**What you should do:** Whichever lines of the entries hold the word "наверное" should be identified and copied.

**Dataset records:**
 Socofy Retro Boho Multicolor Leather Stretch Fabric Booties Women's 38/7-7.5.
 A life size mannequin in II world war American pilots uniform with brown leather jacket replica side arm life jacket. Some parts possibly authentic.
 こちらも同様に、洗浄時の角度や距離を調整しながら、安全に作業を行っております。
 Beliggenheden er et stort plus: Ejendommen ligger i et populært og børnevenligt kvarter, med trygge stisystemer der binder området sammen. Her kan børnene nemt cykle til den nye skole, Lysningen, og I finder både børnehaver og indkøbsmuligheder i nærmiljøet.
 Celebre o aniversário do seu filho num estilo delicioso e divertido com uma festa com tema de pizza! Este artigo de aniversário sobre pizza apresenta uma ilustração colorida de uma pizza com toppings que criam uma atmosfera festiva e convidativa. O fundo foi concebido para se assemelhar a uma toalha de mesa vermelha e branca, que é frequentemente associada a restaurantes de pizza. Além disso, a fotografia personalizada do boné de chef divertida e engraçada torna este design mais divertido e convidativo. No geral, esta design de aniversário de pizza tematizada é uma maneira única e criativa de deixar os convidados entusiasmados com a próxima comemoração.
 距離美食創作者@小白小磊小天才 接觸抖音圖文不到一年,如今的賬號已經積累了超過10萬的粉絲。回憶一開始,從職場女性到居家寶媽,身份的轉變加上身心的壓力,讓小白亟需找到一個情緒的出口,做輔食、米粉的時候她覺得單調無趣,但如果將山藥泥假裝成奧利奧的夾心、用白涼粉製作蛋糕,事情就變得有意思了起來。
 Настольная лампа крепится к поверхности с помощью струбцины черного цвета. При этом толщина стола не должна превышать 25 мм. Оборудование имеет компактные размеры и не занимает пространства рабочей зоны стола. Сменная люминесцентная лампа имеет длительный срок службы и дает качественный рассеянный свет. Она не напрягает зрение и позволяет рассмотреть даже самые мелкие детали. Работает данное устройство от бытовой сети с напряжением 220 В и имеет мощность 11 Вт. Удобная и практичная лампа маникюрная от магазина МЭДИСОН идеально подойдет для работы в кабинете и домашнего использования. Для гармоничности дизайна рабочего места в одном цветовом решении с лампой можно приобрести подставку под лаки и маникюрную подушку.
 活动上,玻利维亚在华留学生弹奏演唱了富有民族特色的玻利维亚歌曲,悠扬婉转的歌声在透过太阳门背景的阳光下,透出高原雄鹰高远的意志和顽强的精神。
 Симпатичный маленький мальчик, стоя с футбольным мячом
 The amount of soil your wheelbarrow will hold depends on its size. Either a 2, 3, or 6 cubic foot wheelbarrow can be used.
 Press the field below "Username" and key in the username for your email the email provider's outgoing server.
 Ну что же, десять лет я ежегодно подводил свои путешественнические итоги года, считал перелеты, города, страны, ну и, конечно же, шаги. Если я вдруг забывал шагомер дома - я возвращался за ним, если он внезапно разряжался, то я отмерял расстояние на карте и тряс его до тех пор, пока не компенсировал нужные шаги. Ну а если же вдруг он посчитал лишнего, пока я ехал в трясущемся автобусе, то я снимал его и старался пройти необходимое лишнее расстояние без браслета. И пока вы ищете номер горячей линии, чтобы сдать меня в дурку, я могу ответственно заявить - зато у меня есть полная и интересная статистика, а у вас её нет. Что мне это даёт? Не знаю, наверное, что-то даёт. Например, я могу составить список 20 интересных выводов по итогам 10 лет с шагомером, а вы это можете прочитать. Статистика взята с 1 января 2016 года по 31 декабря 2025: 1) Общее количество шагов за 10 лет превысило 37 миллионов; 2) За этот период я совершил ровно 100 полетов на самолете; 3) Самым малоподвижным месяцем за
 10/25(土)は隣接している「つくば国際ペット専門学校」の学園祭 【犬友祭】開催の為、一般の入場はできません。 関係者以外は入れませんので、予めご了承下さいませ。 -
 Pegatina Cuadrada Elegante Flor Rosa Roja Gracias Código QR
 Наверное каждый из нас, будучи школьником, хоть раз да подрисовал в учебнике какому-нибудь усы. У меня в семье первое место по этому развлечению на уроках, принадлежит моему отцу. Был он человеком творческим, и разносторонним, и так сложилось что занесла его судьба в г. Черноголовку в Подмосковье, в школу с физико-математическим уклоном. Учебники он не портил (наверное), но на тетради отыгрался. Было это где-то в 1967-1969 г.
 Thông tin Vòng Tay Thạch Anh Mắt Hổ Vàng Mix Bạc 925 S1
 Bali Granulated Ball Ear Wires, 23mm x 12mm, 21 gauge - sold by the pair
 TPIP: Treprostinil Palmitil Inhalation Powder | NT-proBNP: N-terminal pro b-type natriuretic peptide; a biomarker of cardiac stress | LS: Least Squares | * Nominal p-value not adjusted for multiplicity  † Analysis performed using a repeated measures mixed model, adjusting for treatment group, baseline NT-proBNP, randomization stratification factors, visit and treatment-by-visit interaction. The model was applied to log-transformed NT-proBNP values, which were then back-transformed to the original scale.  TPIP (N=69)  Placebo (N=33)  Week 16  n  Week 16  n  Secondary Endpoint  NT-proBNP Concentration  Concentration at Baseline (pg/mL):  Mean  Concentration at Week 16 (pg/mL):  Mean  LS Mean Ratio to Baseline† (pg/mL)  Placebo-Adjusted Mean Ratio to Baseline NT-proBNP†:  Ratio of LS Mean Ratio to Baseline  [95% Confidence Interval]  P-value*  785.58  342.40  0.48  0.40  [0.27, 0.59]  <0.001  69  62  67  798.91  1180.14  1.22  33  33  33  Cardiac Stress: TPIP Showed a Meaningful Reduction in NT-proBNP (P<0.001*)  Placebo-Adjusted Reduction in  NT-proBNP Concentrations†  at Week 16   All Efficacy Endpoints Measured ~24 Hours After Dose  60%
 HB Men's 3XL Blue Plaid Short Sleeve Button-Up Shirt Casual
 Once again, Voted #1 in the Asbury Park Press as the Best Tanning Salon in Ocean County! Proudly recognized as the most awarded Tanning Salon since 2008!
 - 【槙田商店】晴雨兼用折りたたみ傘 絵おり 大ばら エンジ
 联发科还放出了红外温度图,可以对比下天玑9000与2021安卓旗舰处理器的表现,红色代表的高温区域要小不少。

**Reply to the task:**
 Ну что же, десять лет я ежегодно подводил свои путешественнические итоги года, считал перелеты, города, страны, ну и, конечно же, шаги. Если я вдруг забывал шагомер дома - я возвращался за ним, если он внезапно разряжался, то я отмерял расстояние на карте и тряс его до тех пор, пока не компенсировал нужные шаги. Ну а если же вдруг он посчитал лишнего, пока я ехал в трясущемся автобусе, то я снимал его и старался пройти необходимое лишнее расстояние без браслета. И пока вы ищете номер горячей линии, чтобы сдать меня в дурку, я могу ответственно заявить - зато у меня есть полная и интересная статистика, а у вас её нет. Что мне это даёт? Не знаю, наверное, что-то даёт. Например, я могу составить список 20 интересных выводов по итогам 10 лет с шагомером, а вы это можете прочитать. Статистика взята с 1 января 2016 года по 31 декабря 2025: 1) Общее количество шагов за 10 лет превысило 37 миллионов; 2) За этот период я совершил ровно 100 полетов на самолете; 3) Самым малоподвижным месяцем за
 Наверное каждый из нас, будучи школьником, хоть раз да подрисовал в учебнике какому-нибудь усы. У меня в семье первое место по этому развлечению на уроках, принадлежит моему отцу. Был он человеком творческим, и разносторонним, и так сложилось что занесла его судьба в г. Черноголовку в Подмосковье, в школу с физико-математическим уклоном. Учебники он не портил (наверное), но на тетради отыгрался. Было это где-то в 1967-1969 г.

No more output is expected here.